Later in the evening, the bar glowed in the dark, warm light of the evening. She sipped crisp champagne from the flute in front of her. Waiting alone at the bar she felt the looks of those around her. Eyeing herself in the mirror behind the rows of bottles, she could see the handsome picture she made. Eyes made large and luminous by the dark liner, appearing to glow from deep within their sockets. Admiring glances floated towards her, appealing to her to turn her head, just so, and make eye contact. She knew the cause of their attention, she knew she should not pay it any mind, and she knew she was not yet ready to release herself from its trappings. But she did not heed any of their pleas, so focused she was on maintaining the picture of tranquility she worked so hard to compose. But the words, the words, the words that kept running through her head…
“Do you want to know why I have not asked you to marry me?” M---- asked, requesting another bottle of champagne from the server.
“No thank you,” she said.
“I’ll tell you why” he said.
“No thank you” she repeated louder.
“You challenge me.”
“And that’s not a good thing?”
Gazing onto the foreign bay, she considered this.
“Seems a low threshold for a satisfying life,” she said.
“You’ve overlooked the most important part.”
“That I would ever agree to marry you.”
“You see. That’s not a nice response to someone asking you to marry them.”

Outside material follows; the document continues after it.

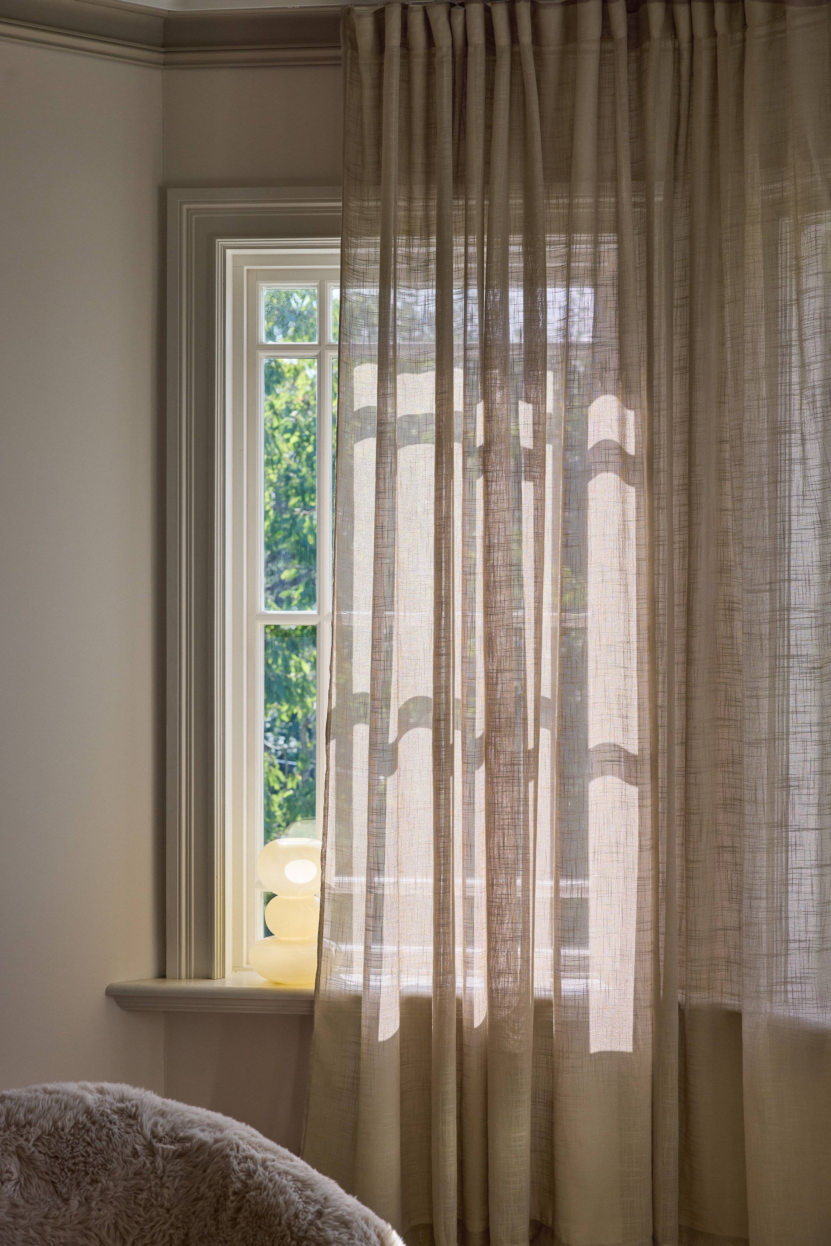 MELISSA gardin i bred bredde gir moderne eleganse til interiøret ditt, og forener moderne stil med et tidløst utseende. Den er laget av strukturert linlignende polyester med 60 % resirkulert materiale, har et luksuriøst fall og gir en varm og innbydende atmosfære. MELISSA er ideell for deg som ønsker trenddrevet design, og tilfører ethvert rom et streif av raffinement, noe som gjør den til et must-have for å friske opp innredningen i hjemmet ditt. Selges i en pakke med én lengde.

They held one another’ gaze for a steady moment and then began to laugh.
“Good to see you!” a familiar voice chimed from behind her, pulling her from her reverie. “You as well,” she said turning to offer a cheek. “I ordered you a glass of champagne.”After signaling to the bartender, she motioned to the empty chair beside her. They talked and laughed and joked with an ease that came naturally under the spell of chilled drinks and elegant surroundings and superficial pleasantries. Some people’s company was easier to keep than others, never exacting more than a smile and laugh and the charm of being irreverent. The ease with which they conversed, loosened by the champagne, never failed to lift her spirits, to distract her from real life.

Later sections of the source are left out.